** Opening Source material block **
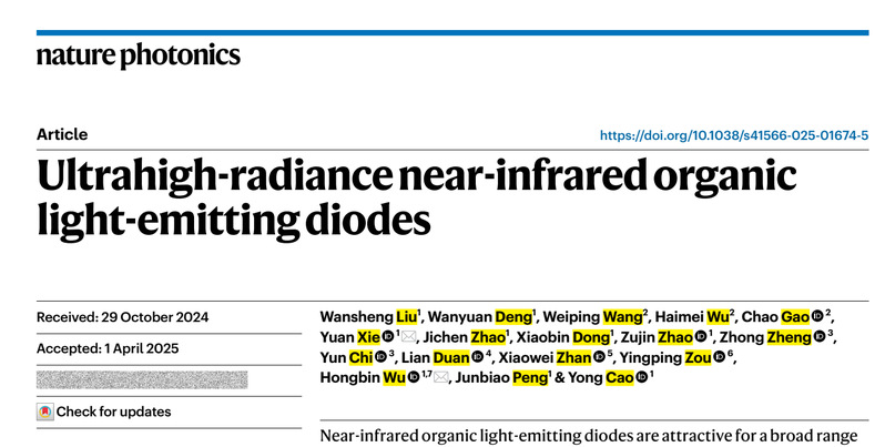 近日,学院吴宏滨教授课题组在国际著名期刊Nature Photonics (《自然·光子学》)上发表题为“Ultrahigh-radiance near-infrared organic light-emitting diodes” (超高辐射亮度的近红外有机发光二极管)的研究论文。该论文提出了抑制有机发光二极管发光效率滚降的新策略,通过降低长寿命三重态激子对单重态激子的猝灭,将器件在直流和脉冲驱动下的临界电流密度分别提高到100 A/cm2和10 kA/cm2量级,实现了亮度达到地表太阳辐照水平147倍的超高亮度近红外电致辐射。
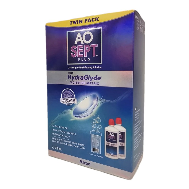 Introducing the AOSEPT Plus With HydraGlyde Twin Pack - your ultimate solution for pristine contact lens care. This innovative twin pack includes two bottles of AOSEPT Plus solution, each enhanced with HydraGlyde technology for superior cleaning and comfort.
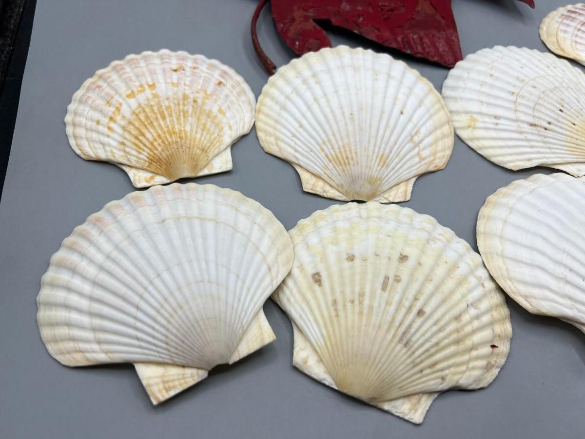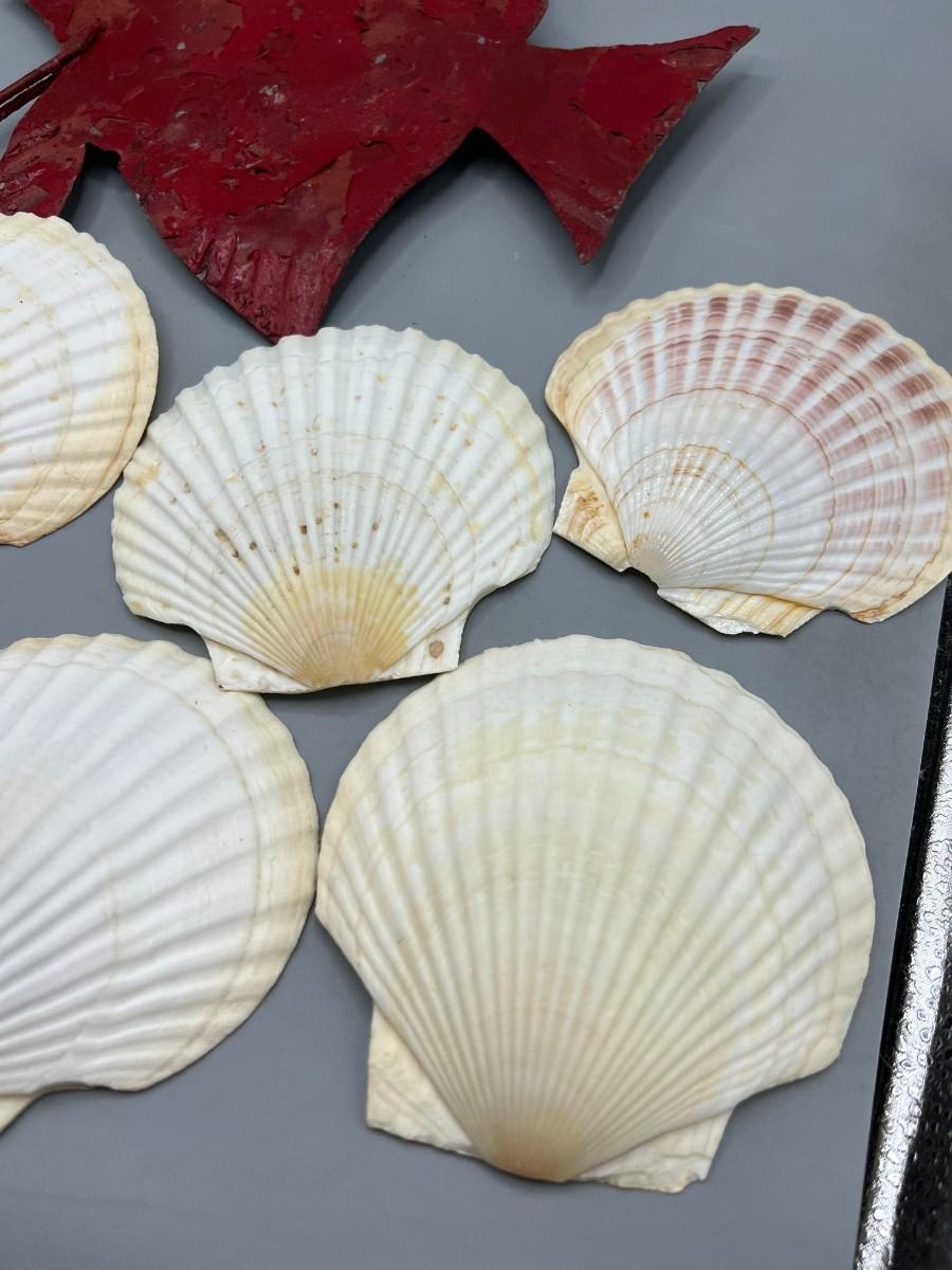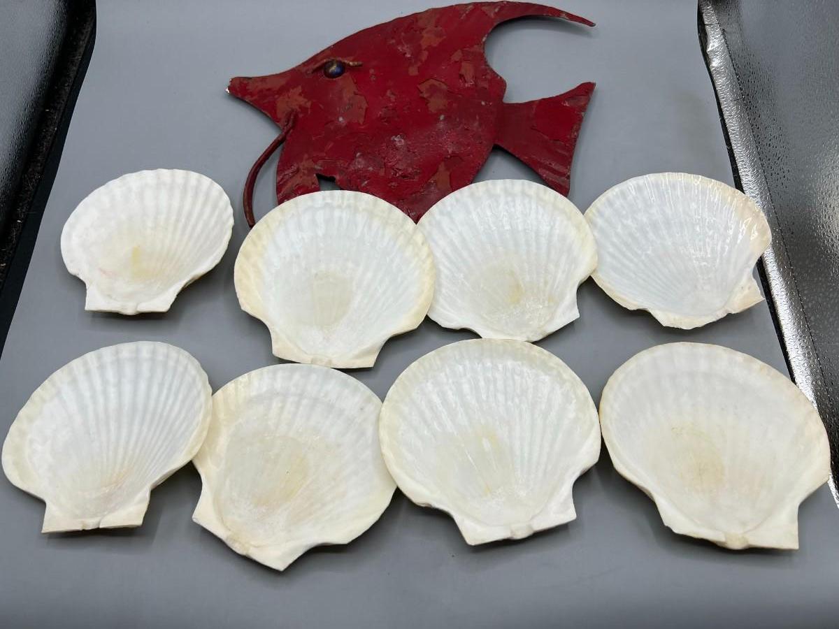 Tropical Beachy Coastal Decor Metal Fish and Scallop Shells. Great for indoor and outdoor display, or crafting.
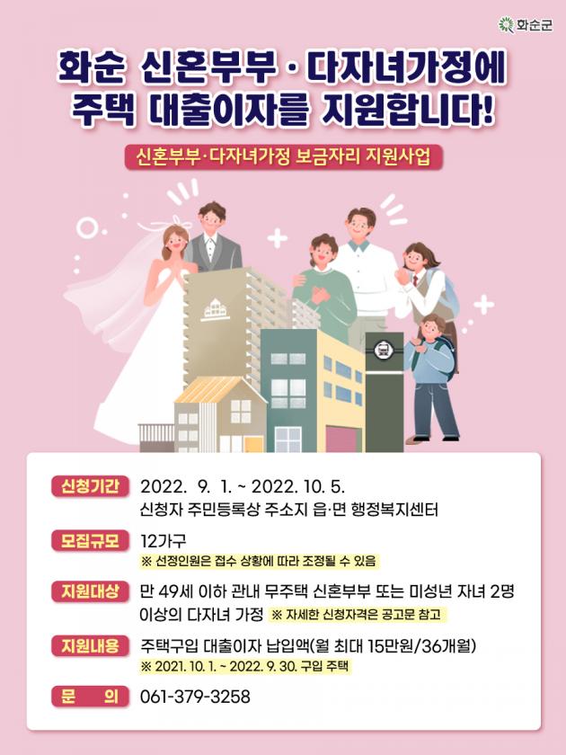 ȼø±º(±º¼ö ±¸º¹±Ô)ÀÌ ½ÅÈ¥ºÎºÎ¿Í ´ÙÀڳడÁ¤ÀÇ Áְźñ ºÎ´ã ¿ÏÈ¿Í Ãâ»ê․¾çÀ°Çϱâ ÁÁÀº ȯ°æ Á¶¼ºÀ» À§ÇØ Àü¶ó³²µµ¿Í ÇÔ²² ¡®2022³â ½ÅÈ¥ºÎºÎ․´ÙÀڳడÁ¤ º¸±ÝÀÚ¸® Áö¿ø»ç¾÷¡¯À» ÃßÁøÇÑ´Ù.
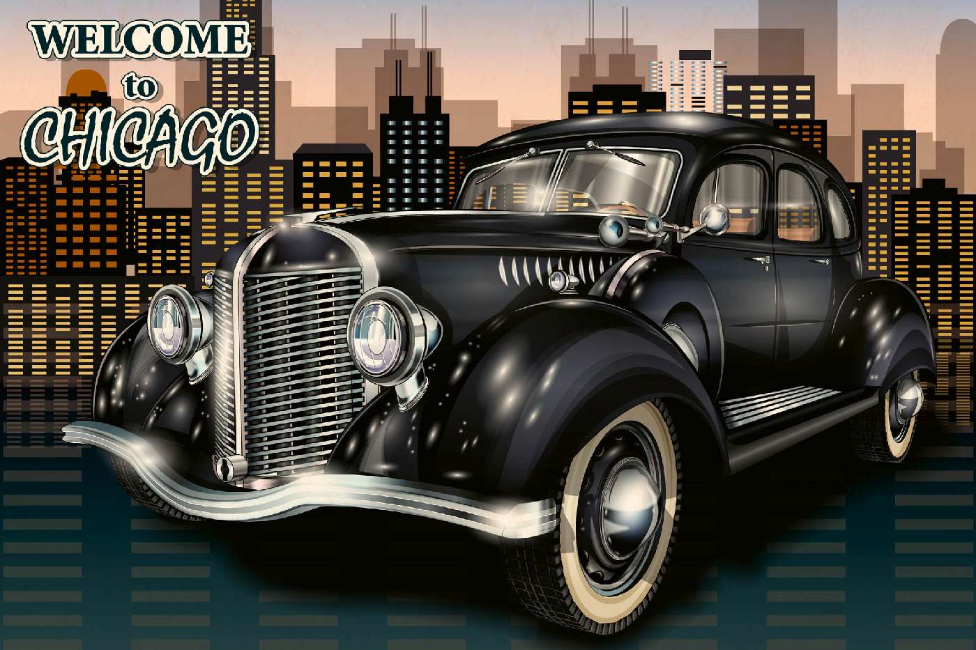 Vlies Fototapete - Chicago Retro Plakat 375 x 250 cm
** Closing Source material block **
Exactly as written, set down the lines from the line holding "Tropical Beachy Coastal" to the last line of the data, both ends included, pictures excluded.

:: Output for this exercise ::
 Tropical Beachy Coastal Decor Metal Fish and Scallop Shells. Great for indoor and outdoor display, or crafting.
 ȼø±º(±º¼ö ±¸º¹±Ô)ÀÌ ½ÅÈ¥ºÎºÎ¿Í ´ÙÀڳడÁ¤ÀÇ Áְźñ ºÎ´ã ¿ÏÈ¿Í Ãâ»ê․¾çÀ°Çϱâ ÁÁÀº ȯ°æ Á¶¼ºÀ» À§ÇØ Àü¶ó³²µµ¿Í ÇÔ²² ¡®2022³â ½ÅÈ¥ºÎºÎ․´ÙÀڳడÁ¤ º¸±ÝÀÚ¸® Áö¿ø»ç¾÷¡¯À» ÃßÁøÇÑ´Ù.
 Vlies Fototapete - Chicago Retro Plakat 375 x 250 cm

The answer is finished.